■ **TASK OBJECTIVE**:
From the records below, please repeat exactly the line that has "Regenberg, Bernd: Die", the line that has "VOSERY Travel Luggage", and every line between them, and nothing else.

■ **SUPPLIED MATERIAL**:
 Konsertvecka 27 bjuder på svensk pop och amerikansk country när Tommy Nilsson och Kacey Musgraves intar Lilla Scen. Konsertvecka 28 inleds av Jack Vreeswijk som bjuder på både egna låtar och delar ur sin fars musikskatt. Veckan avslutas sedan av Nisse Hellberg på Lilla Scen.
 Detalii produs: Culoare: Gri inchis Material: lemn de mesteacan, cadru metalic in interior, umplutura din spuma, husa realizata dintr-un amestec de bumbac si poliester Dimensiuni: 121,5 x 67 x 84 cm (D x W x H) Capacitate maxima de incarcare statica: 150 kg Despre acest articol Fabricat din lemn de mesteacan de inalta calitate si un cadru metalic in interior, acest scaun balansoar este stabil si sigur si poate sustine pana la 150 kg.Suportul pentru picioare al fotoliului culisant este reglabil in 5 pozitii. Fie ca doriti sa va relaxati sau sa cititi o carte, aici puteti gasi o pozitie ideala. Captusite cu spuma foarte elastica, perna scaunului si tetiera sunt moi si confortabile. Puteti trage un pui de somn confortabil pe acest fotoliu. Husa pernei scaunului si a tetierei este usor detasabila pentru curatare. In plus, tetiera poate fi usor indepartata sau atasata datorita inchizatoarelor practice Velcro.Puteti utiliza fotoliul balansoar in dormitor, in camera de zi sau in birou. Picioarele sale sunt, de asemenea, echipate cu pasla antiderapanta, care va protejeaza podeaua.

* * *

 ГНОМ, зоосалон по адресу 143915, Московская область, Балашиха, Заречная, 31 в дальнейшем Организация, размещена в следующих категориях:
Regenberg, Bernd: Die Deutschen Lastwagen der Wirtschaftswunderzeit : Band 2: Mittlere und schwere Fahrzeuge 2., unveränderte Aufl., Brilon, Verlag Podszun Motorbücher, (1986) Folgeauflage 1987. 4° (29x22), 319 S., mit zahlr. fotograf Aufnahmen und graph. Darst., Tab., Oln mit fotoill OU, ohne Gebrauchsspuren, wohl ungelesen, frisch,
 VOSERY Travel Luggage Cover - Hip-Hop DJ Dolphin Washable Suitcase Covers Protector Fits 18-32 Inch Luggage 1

■ **WRITTEN ANSWER**:
Regenberg, Bernd: Die Deutschen Lastwagen der Wirtschaftswunderzeit : Band 2: Mittlere und schwere Fahrzeuge 2., unveränderte Aufl., Brilon, Verlag Podszun Motorbücher, (1986) Folgeauflage 1987. 4° (29x22), 319 S., mit zahlr. fotograf Aufnahmen und graph. Darst., Tab., Oln mit fotoill OU, ohne Gebrauchsspuren, wohl ungelesen, frisch,
 VOSERY Travel Luggage Cover - Hip-Hop DJ Dolphin Washable Suitcase Covers Protector Fits 18-32 Inch Luggage 1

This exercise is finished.